As an artist working with watercolours and oil paintings, his themes revolved around archetypal human struggles, deeply focussed on the economically deprived. A number of his works are now part of the collection of National Gallery of Modern Art, New Delhi. His sculpture, The Veiled Figure, broke new grounds in sculpture as he portrayed the memory of his mother.

He also acted in a film Dance of the Wind (1997). He set up a cottage at Andretta, at foothills of Dhauladhar range in Himachal Pradesh, where he came close to Norah Richards. Till late in his age he remained engaged in setting up the Andretta artists' resort and Nora Centre for the Arts at Andretta, near Palampur in Kangra Valley, Himachal Pradesh., and to collect funds for his project, he continued to exhibit and sell his works. He remained active till the end, and at 101 ventured into lithograph with considerable success at Atlier print shop in Delhi.

The Government of India, issued a special postage stamp to commemorate his birth centenary in 2000, while IGNCA, New Delhi in part of its celebrations, of his 100th birthday held a function on 22 April 2001, where an exhibition of tributes by over 170 artistes in various media was opened and a DVD on him along with Elizabeth Brunner, in Great Masters series was released

He died on 9 January 2003, in Nizamuddin East, New Delhi, after a brief illness at the age of 102, he was survived by his wife Snehlata and daughter Amba Sanyal, costume designer, while her husband KT Ravindran, is a noted architect and dean of Delhi's School of Planning and Architecture.
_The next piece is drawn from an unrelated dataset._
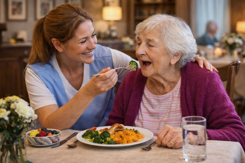 Loss of independence can lead to resistance at mealtime. Supporting autonomy, even in small ways, helps preserve dignity.

Amba Sanyal later received the 2008 Sangeet Natak Akademi Award for Costume Designing (theatre).

== Selected artworks ==
Some of Sanyal's notable paintings and sculptures include:
- The Despair
- Vertical Woman (Sculpture)
- The Flying Scarecrow

==Awards and recognition==
He was awarded the Lalit Kala Akademi Fellowship for lifetime achievement by Lalit Kala Akademi, India's National Academy of Fine Arts in 1980, Padma Bhushan award in 1984 by Government of India, the honorary citizenship of Baltimore, USA in 1989, Visva Bharati University's Gagan Abani Puraskar in 1993 and the Government of Assam's Sankar Dev award in 1999.

== Legacy ==
The B.C Sanyal Award has been instituted by the Delhi College of Art, New Delhi and confers awards on artists for their contribution to the field. Recipients of this award include:

- Anupam Sud
- Gogi Saroj Pal
- Seema Kohli
- Vasundhara Tewari Broota

==Bibliography==
- The Vertical Woman: Reminiscences of B.C. Sanyal. National Gallery of Modern Art, 1998.